Lo anterior no quiere decir que sea la aplicación la culpable de generar culturas de agresión sexual. Se trata más bien de dar cuenta de que el contexto tecnológico sirvió, en este caso, para la proliferación de problemas ya existentes. La literatura académica ha acuñado el término tecnoculturas tóxicas para referirse a cómo el desarrollo de softwares –como los generadores de deepfakes acarrea procesos de reproducción de normas de género binarias que se pasan por alto entre las comunidades desarrolladoras. Particularmente, al tratarse de contenido generado artificialmente, resulta más fácil deshumanizar a quien se hace partícipe del deepfake y relativizar el daño que estas tecnologías pueden llegar a causar. De esta forma, las tecnoculturas tóxicas son dependientes de la suma entre una configuración cultural específica y una plataforma.
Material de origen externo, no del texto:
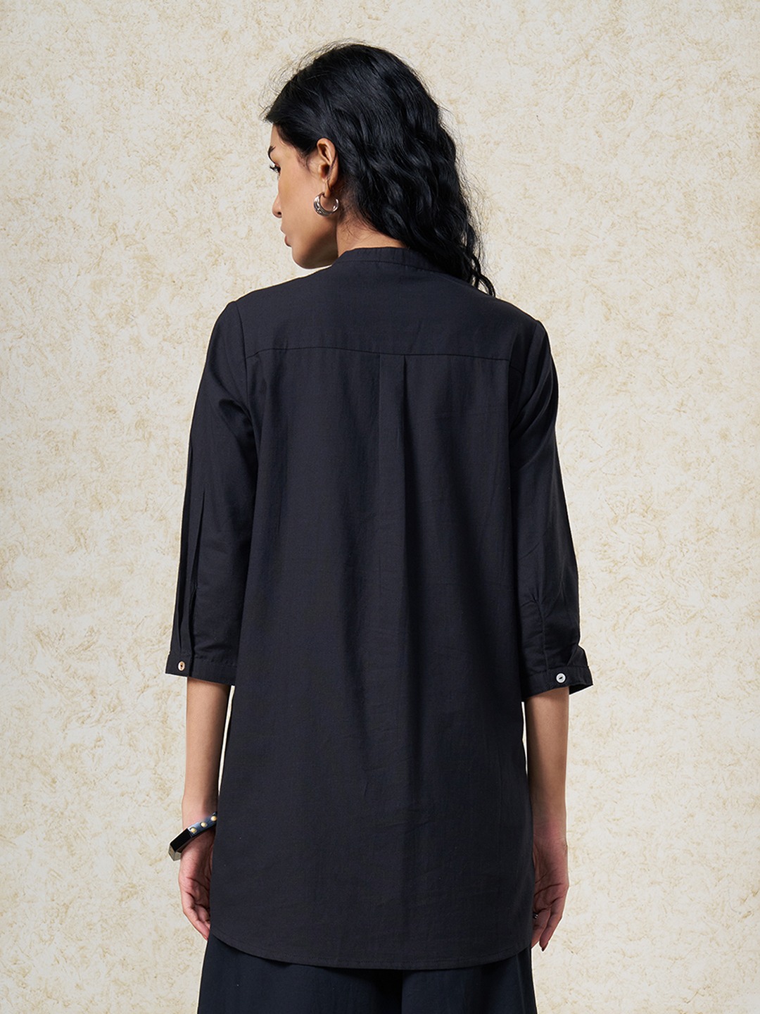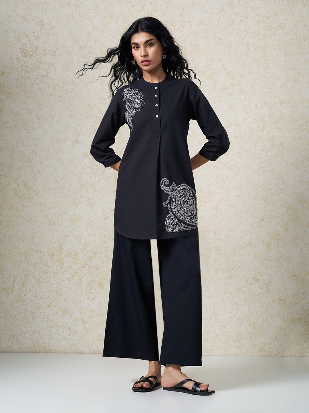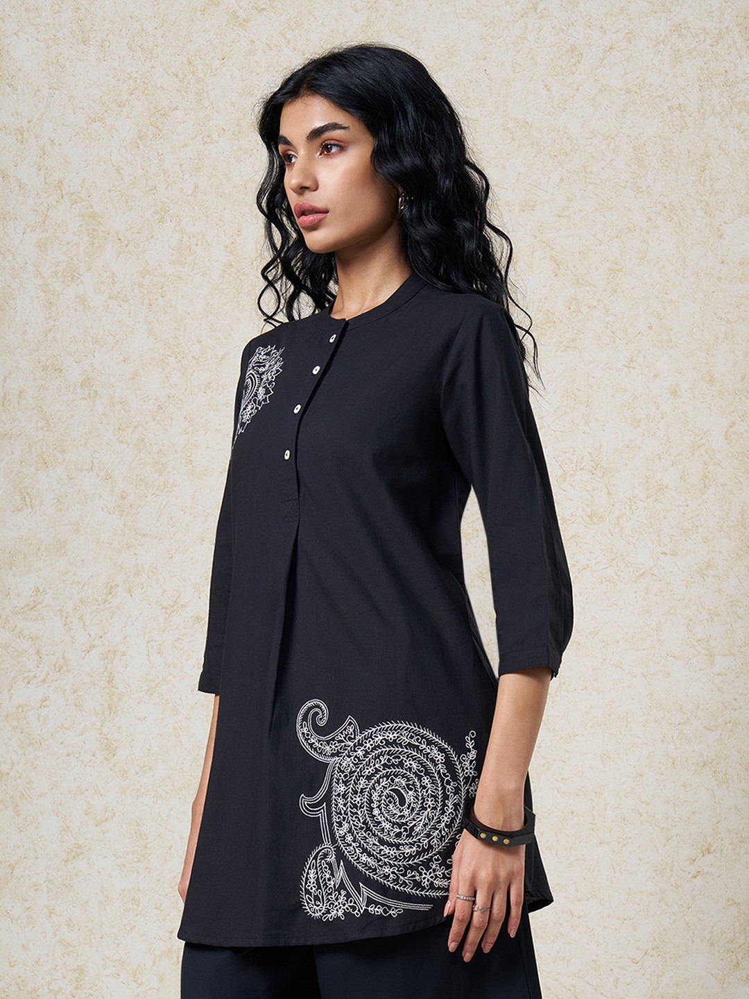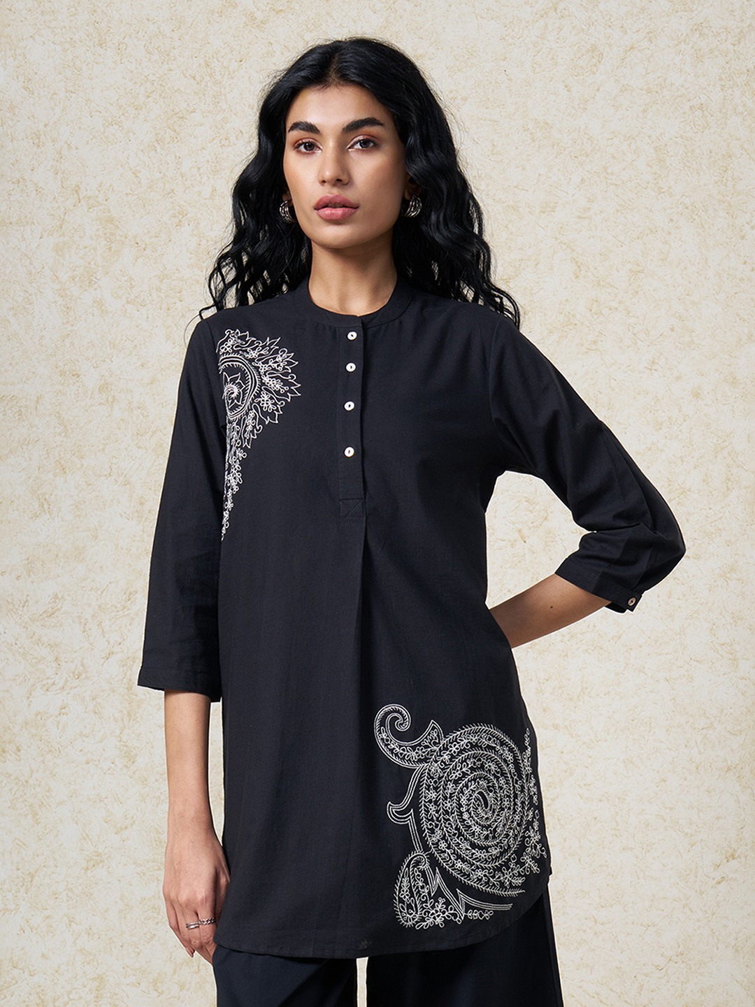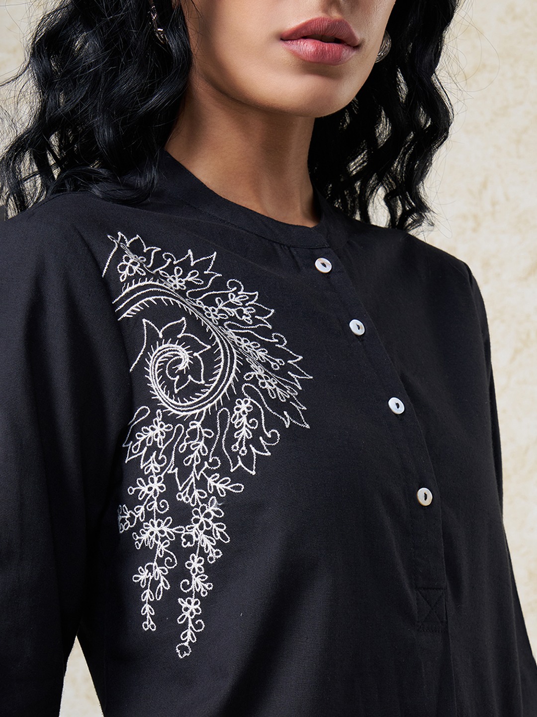 Soft tailoring meets intricate artistry in a refined silhouette. Designed with a mandarin collar, front button placket, and 3/4 sleeves, featuring statement embroidery placement that adds ornamental focus. Lightweight woven construction offers a breathable hand feel with a smooth, graceful drape.

Entonces, para pensar estrategias educativas que sean capaces de abordar fenómenos complejos como la intersección de tecnologías y culturas opresivas, no basta con la prohibición de los artefactos tecnológicos o la tipificación de castigos ejemplares. Es necesario analizar cómo la red de relaciones implicadas conduce a consecuencias sexistas dañinas y qué otras posibles relaciones podrían existir. En este sentido, la educación sexual integral (ESI) puede educar en la consolidación sana de relaciones sexoafectivas y la prevención de la violencia de género. Además, puesto que la tecnología puede ser –mas no necesariamente es– un agente amplificador del sexismo y la violencia de género, así como de otras formas de injusticia (racista, clasista, capacitista, edadista), también es necesario generar propuestas educativas en torno al cuidado digital. Ahora bien, estas propuestas deben considerar que la literacidad tecnológica no es una habilidad neutra, ya que implica situar prácticas sociales en contextos digitales con miras a la construcción de espacios a base de un mayor bienestar y menor daño. Teniendo en cuenta estas consideraciones, podría ser posible desarticular las estructuras de opresión que permean en el mundo material y digital.